Today a familiar pattern continues. A UN panel of experts recently concluded that foreign interests sustain the current war by illegally subsidising militias, in return for gold, diamonds, cobalt, coltan and other loot. Vast quantities of the country's natural wealth are shipped out illegally, leaving behind an impoverished population that is often pressganged into labour or, literally, pillaged and raped. The conflict has witnessed some of the worst sexual violence in history, and is dubbed Africa's first world war: millions of casualties, and 18 million people with no access to services of any kind - no clean water, health, education, transport, or housing.

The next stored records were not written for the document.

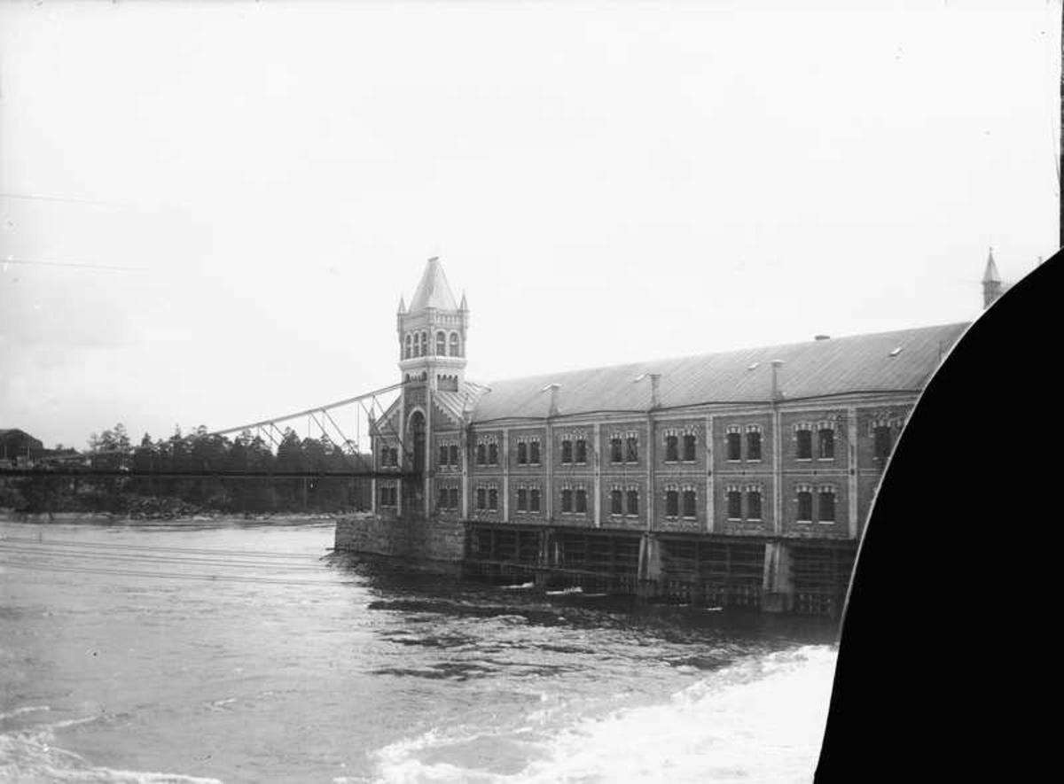 Träsliperiet vid Wargöns AB, byggt 1897. Denna byggnaden, som låg på den västra sidan av älven, brann ner 1918. Slipmassan transporterades med hjälp av ett litet tåg över en hängbro, som med sina hundra meters spännvidd var Sveriges längsta.
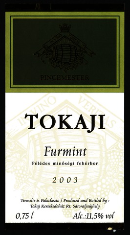 Bortípus: furmint; Termelő neve: Tokaj Kereskedőház Rt.; Termelő címe: Sátoraljaújhely; Évjárat: 2003; színes címke
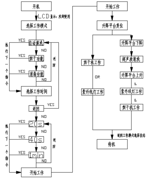 (2)自動(dòng)清洗。待清洗物品放在工作臺(tái)上,5秒后工作臺(tái)下降至超聲波清洗槽,進(jìn)行超聲波清洗。

A wave of bloodletting earlier this year sparked fears of a Rwandan-style genocide. Renewed attempts to broker peace have now, thankfully, led to a transitional government headed by the young Joseph Kabila - son of Laurent - and the promise of an enhanced UN peacekeeping force. But history runs rings round Congo. Back in 1960 it had the dubious distinction of being the first country in the world to host a UN peacekeeping force. So what's new?
Well, for a start, the UN might finally have some power. Next month, the UN mission, Monuc, will increase from just over 2,000 to approximately 8,000 by the end of September. Of course, it needs more. If it had the same troops-to-land ratio as in Kosovo, Congo would have 10 million peacekeepers. But Monuc's new power - a mandate authorising active intervention to protect civilians, rather than its former observer status - does mark significant progress. It is a departure from the UN's dark days in 1994, when it walked away from the Rwandan genocide only to return some months later to hang curtains around 800,000 corpses and accidentally provide sanctuary for the murderers regrouping in Congo, thus preparing the ground for today's conflict.
Since the arrival of the French-led international force, including a British contingent, Bunia, the town where daylight robbery and murdering militias went hand in hand, has been demilitarised. But a large number of the population are displaced in the surrounding countryside, too terrified to return. The British government has so far increased humanitarian assistance this year to £16m. But Congo also needs protection from exploitative western interests. It needs an extension of controls on diamonds and other minerals; the enforcement of OECD guidelines for multinational businesses; an effective small-arms embargo; and stricter conditionality on assistance to other regional governments linked to Congolese resource exploitation.
As Congo knows from its past, UN peacekeepers are not enough. Only good governance and economic transparency will drain the illegal swamp of economic and military networks that have, throughout its history, conspired in crimes against humanity.